This three-flywheel assembly reduces attitude jitter caused by momentum actuators in satellites, improving its on-orbit pointing stability. Spacecraft with momentum actuators suffer form attitude jitter and high frequency oscillations due to imbalance in the rotors of momentum actuators. These problems can interfere with a satellite’s orientation, imaging, and scientific experimentation, sometimes causing the whole spacecraft to become nonfunctional. Existing jitter control using active isolation techniques help to address some of the effects of jitter but are only effective in a localized area and cannot prevent wear and tear on the entire space system. Further, these systems are expensive and require a sophisticated control system. The three-flywheel assembly developed by researchers at the University of Florida provides continuous jitter control for higher performance and longer use. The three-flywheel assembly replaces the single-flywheel system and hence provides continuous on-orbit balancing capability. Existing systems with one flywheel may suffer from increased jitter over time due to imbalance growth, sometimes rendering the satellite inoperative. The use of multiple flywheels addresses this issue and the further adds layers of protection to the overall system, allowing for continued use of the satellite if one or even both of the other flywheels fail. The system also provides a cost advantage over existing active isolation techniques.
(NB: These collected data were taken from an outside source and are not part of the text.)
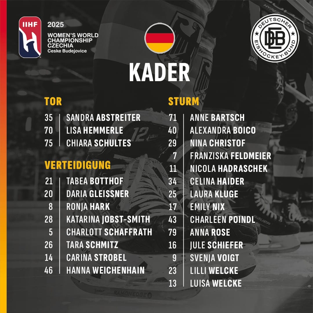 Frauen-Bundestrainer Jeff MacLeod hat ein 25-köpfiges Aufgebot der Frauen-Nationalmannschaft für die IIHF-Weltmeisterschaft vom 9. bis 20. April 2025 in Budweis (CZE) bekanntgegeben. Dabei setzt MacLeod weitestgehend auf ein eingespieltes Team aus drei Torhüterinnen, acht Verteidigerinnen und 14 Stürmerinnen, dass erfolgreich die Qualifikation für die Olympischen Spiele 2026 in Mailand und Cortina erreicht hat. Auch beim Coaching- und Team-Staff rund um die Mannschaft setzt der DEB auf bewährte Kräfte. Die Frauen-WM wird live bei Magentasport übertragen.
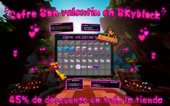 Hola y muy buenas, agradecerles por el apoyo que nos siguen brindando hasta hoy a nuestro servidor. Queremos también desearle un San Valentin lleno de alegría y felicidad, pero no viene solo, viene con un descuento de hasta un 45% de descuento en toda nuestra tienda Online y la llegada de la crate VALENTINE´S a la modalidad de Skyblock, esperamos que sea de su agrado.
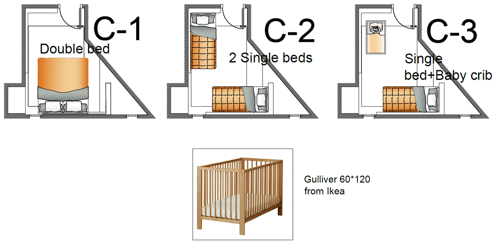 This bedroom has three options, either with the beds together or separate or the possibility of having a baby’s crib. You can see this in the following image.
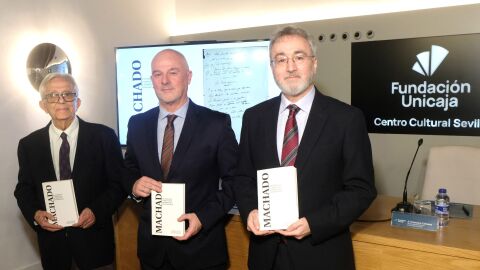 El responsable de Literatura de la Fundación Unicaja, Francisco Cañadas, y los investigadores Rafael Alarcón y Antonio Rodríguez Almodóvar han dado a conocer en el Centro Cultural Fundación Unicaja de Sevilla este hallazgo literario, enmarcado en la labor de divulgación de la Fundación Unicaja de su colección de manuscritos de los hermanos Machado.
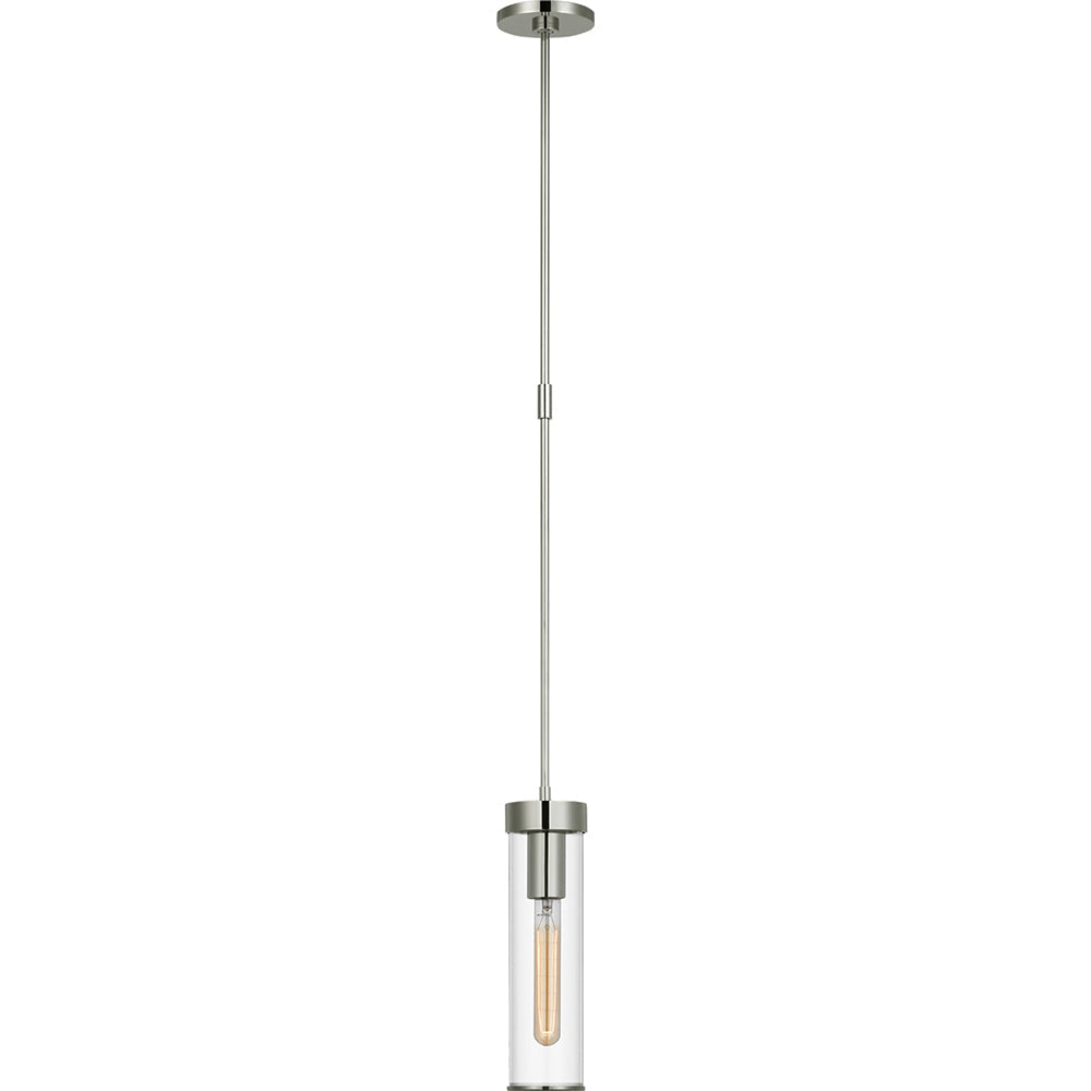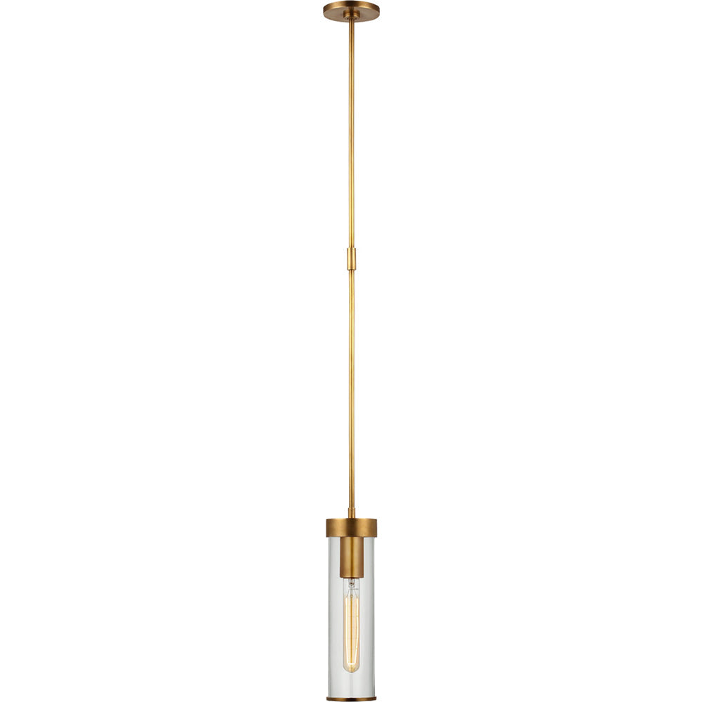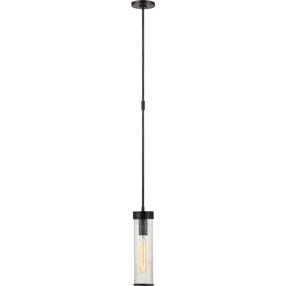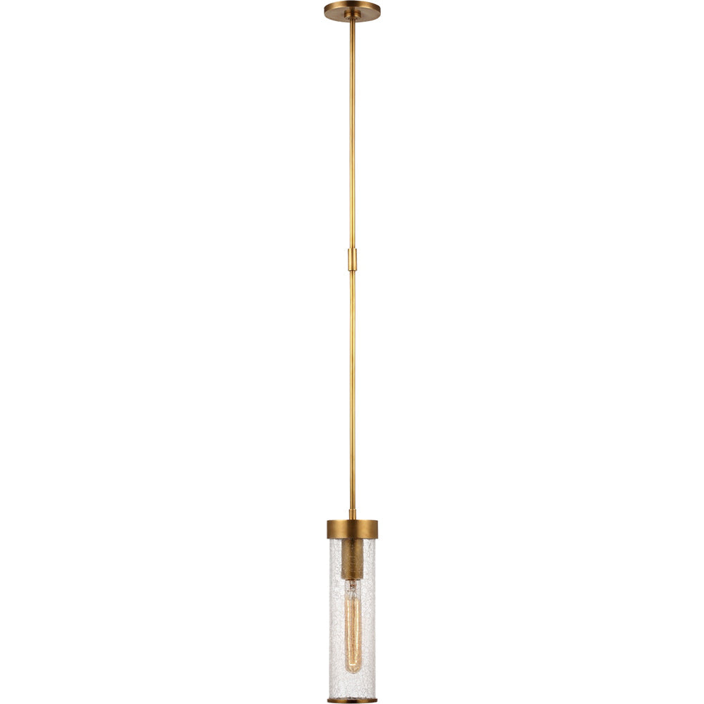 This cylindrical pendant light features our signature crackle glass housing a single candelabra base bulb. The crackle glass shade is framed in brass and hangs from a brass canopy. The mix of clean and raw finishes give this pendant a distinct modern feel.Liaison Short Pendant by Kelly Wearstler is available in Antique Burnished Brass, Bronze, and Polished Nickel with Crackle Glass.
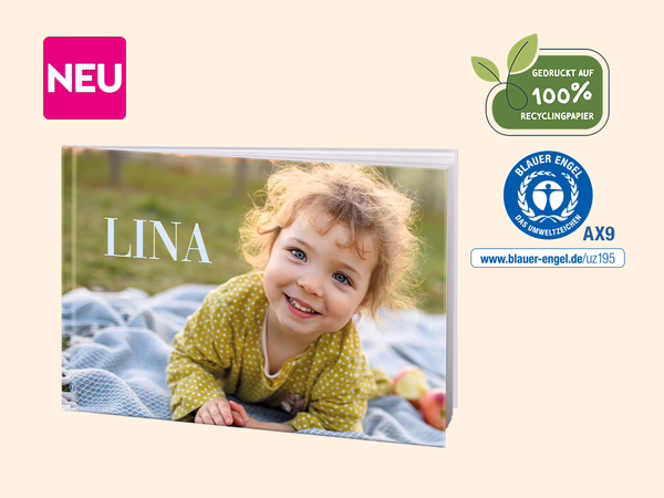 Dank des verstärkten, matten Hardcover-Einbands mit Recyclingpapier sind Ihre Erinnerungen jetzt noch besser geschützt.
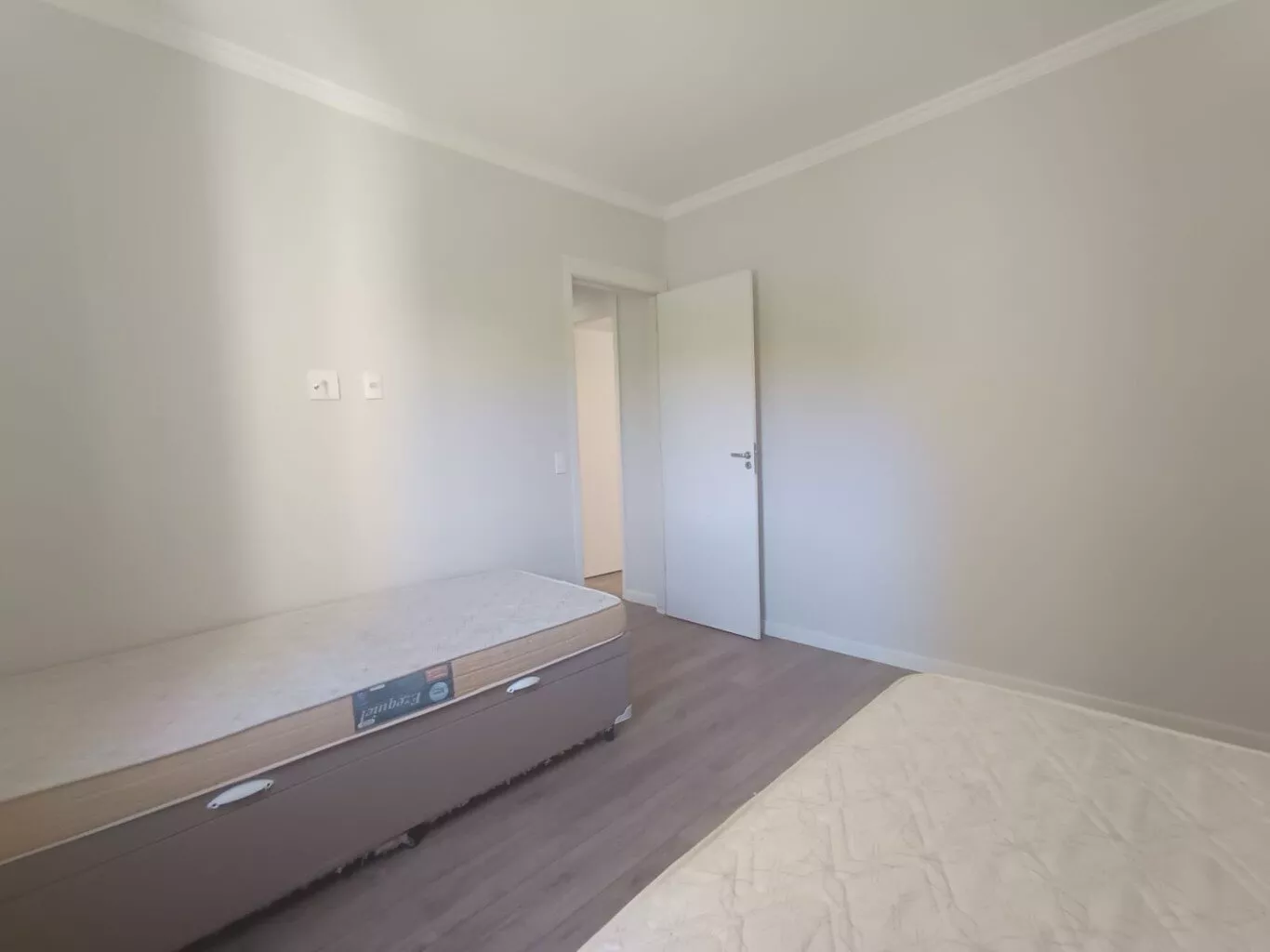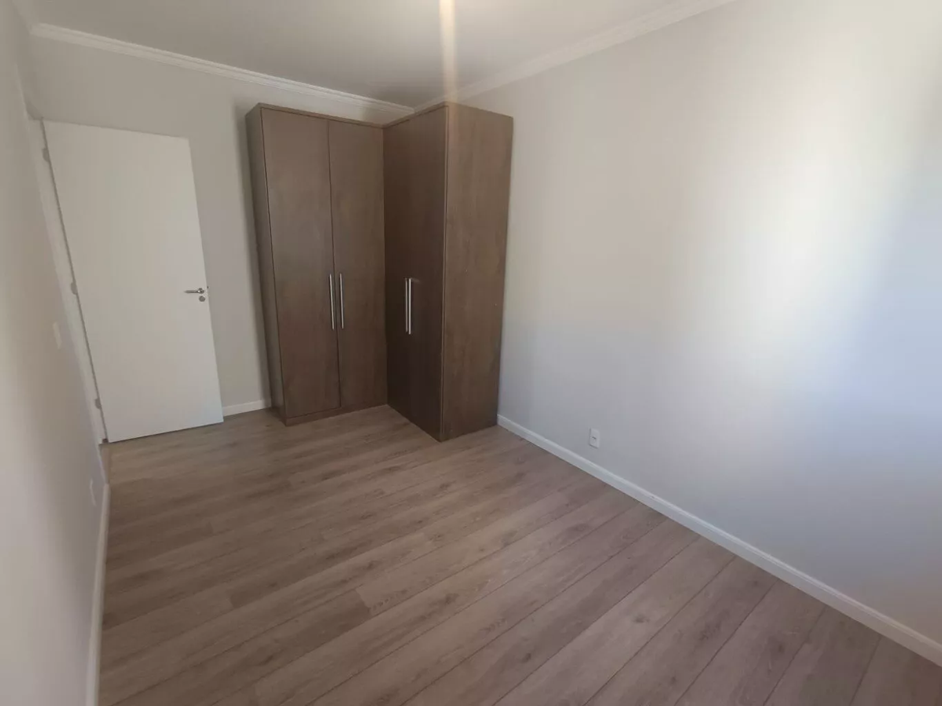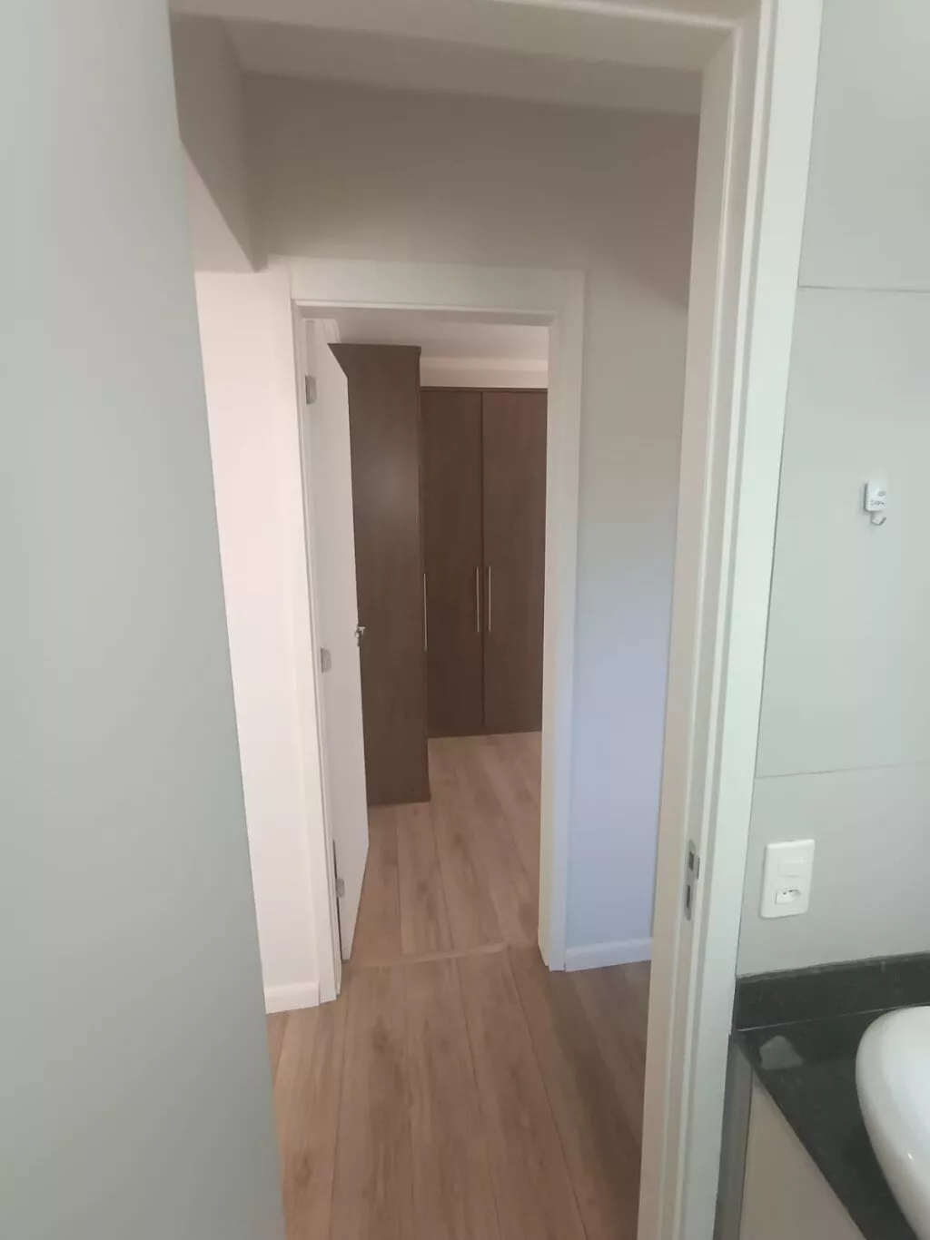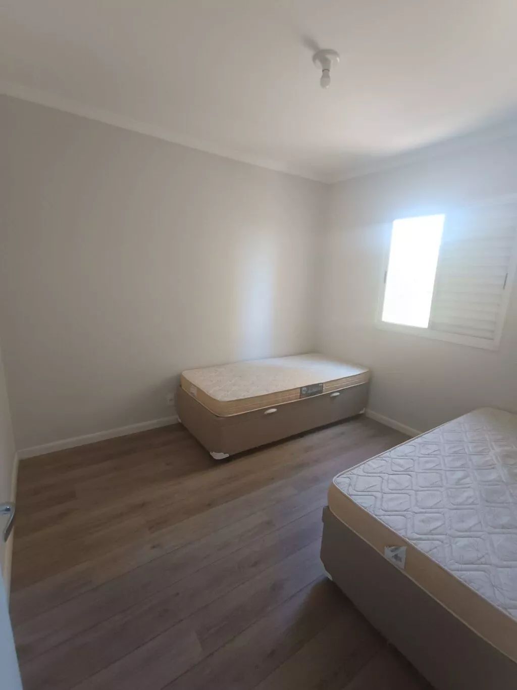 - Piso laminado na sala e nos dormitórios, além de porcelanato no banheiro.

A three-flywheel assembly reduces jitter and increases satellites’ performance
University of Florida researchers have developed a three-flywheel assembly that reduces jitter in small satellites. The system includes two similarly balanced flywheels to counter the effect of residual imbalance from the first one. It cancels out jitter at the source to minimize static and dynamic imbalances while adapting to minor changes in the individual rotor imbalances that occur over time. The redundancy of multiple flywheels increases reliability and reduces the amplitude of jitter by manipulating phase difference using controlled balancing techniques.